For many years my father worked for the Standard Shade Roller Company. The company manufactured rollers for window shades as the name implies. My father’s job was to fuel the boilers used for heat to kiln dry the wood used in the rollers.
Dad worked 12 hour shifts three nights a week as well as a 14 hour shift all day Sunday for a total of 50 hours a week. Normally the company operated on an 8 hour day meaning my father was never there when the company was manufacturing their product. In fact he and an old night watchman named Bill Reader were the only two people on the premises most of the time.
There were time clocks located sporadically around and among the various buildings making up the complex. Bill had to make his rounds once an hour. As he came to each clock he was required to punch in to prove he had been there. It took him about 45 minutes each hour to make his rounds. A few minutes was spent in conversation with my father each hour. Hour after long hour this repetitious routine continued, day after day, for many years.
Most of these tedious hours my father spent alone surrounded by several large furnaces that turned water into steam. The steam was piped to radiators drying the wood used in the roller manufacturing process. Early in his shift each day he had the day’s supply of scrap wood and wooden parts to burn. This required nearly steady shoveling into one of the boilers or another, but after the scrap was gone coal was used. This extended the time required between tendings.

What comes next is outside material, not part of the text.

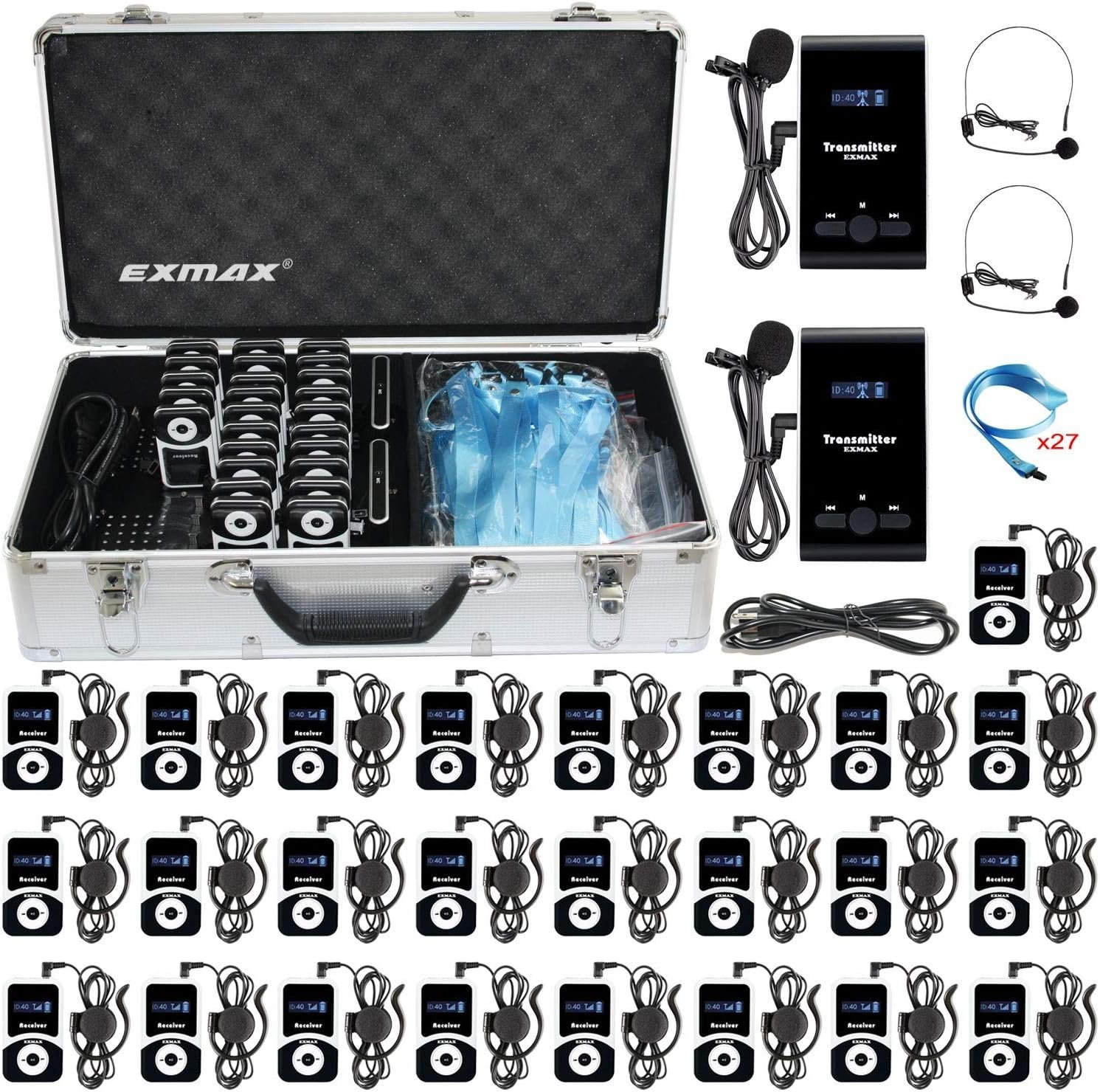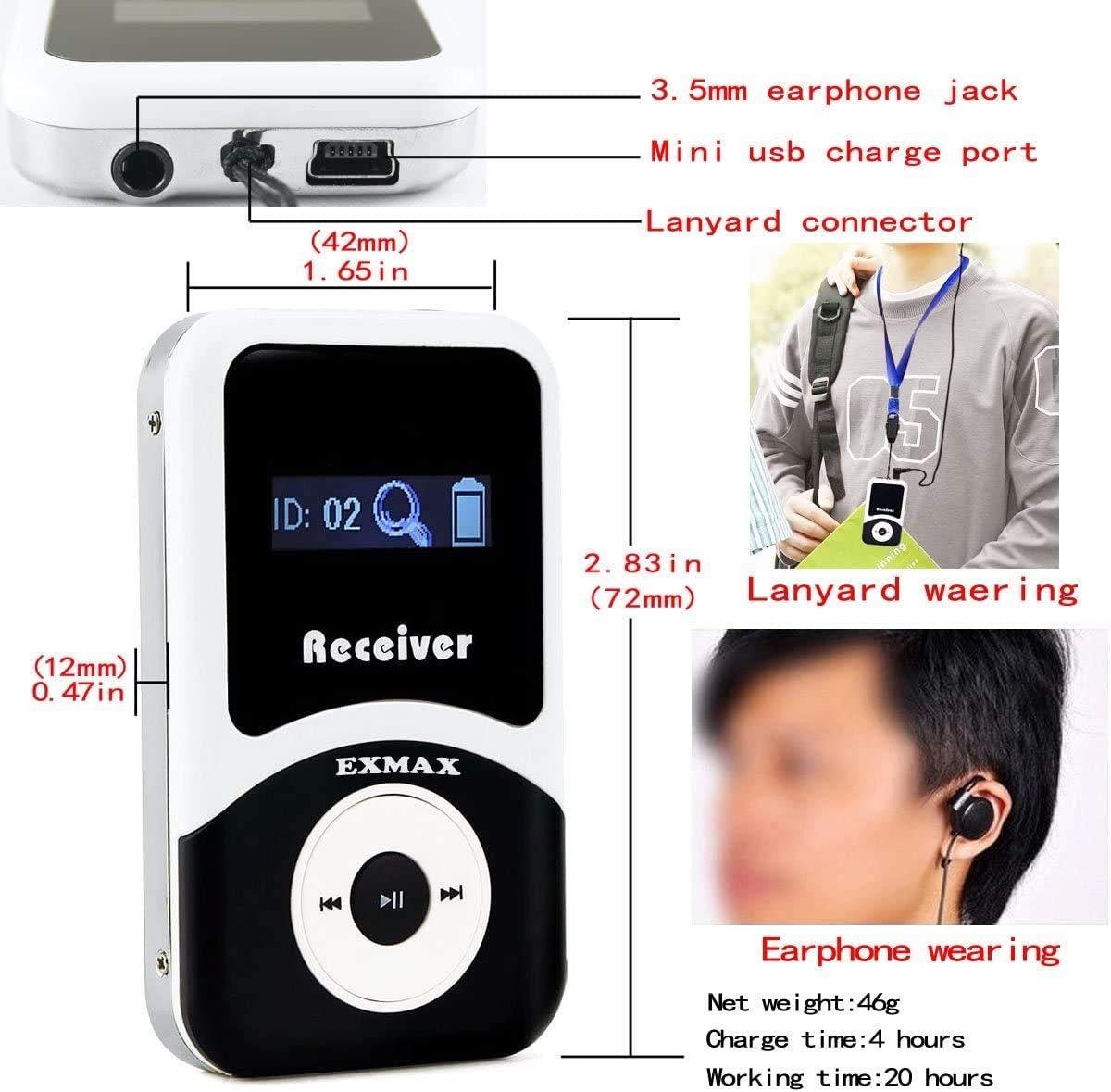 ✤【99-CHANNEL SYSTEM ALLOW YOU TO SCHEDULE AT LEASE 40 TOURS AT A TIME】EXMAX wireless audio transmission system enhances communication between the tour guide and group members and helps overcome background noise and distance from the tour guide.Multi-channel systems on 195MHz-230MHz it has 99 select channel IDs allow you to schedule at least 40 groups to work simultaneously.The system can be used in factories, museums, tourist attractions,or bus tours.Group members have listen-only capabilities.

Possibly once or twice during a shift father would coordinate the watchman’s rounds with his boiler care chores so that he could nap for a few minutes. Bill on his never-ending rounds, would then wake father to chat for a few minutes before continuing on.
Needless to say, father had numerous short periods of inactivity every shift. He read a lot among other things. However, as father was very mechanically inclined he liked to work with his hands, and forever searched for little things to do with a few minor hand tools within his sphere of expertise. One night during the 1950s he found a scrap short piece of the heavy duty wire used to make the round pins for the rollers. As a farmer he imagined forming the wire into a miniature bale hook used to handle baled hay. Soon one had been bent and sharpened.
On yet another occasion he spent some of his idle time forming a carpenter’s wrecking bar.
On a whim, one day as he grew older, he gave the two objects, as well as several more, to my brother Ronald. Ron treasured them for many years. One day he showed them to me, the first I knew they existed. I admired them immensely. Shortly before his passing Ron gave these two to me and I treasure them highly. Sometimes I hold them in my hand and imagine how my father sat one night long ago. With little else to do he lovingly formed these small tools and now over sixty years later I feel attached to him because of his labor of love.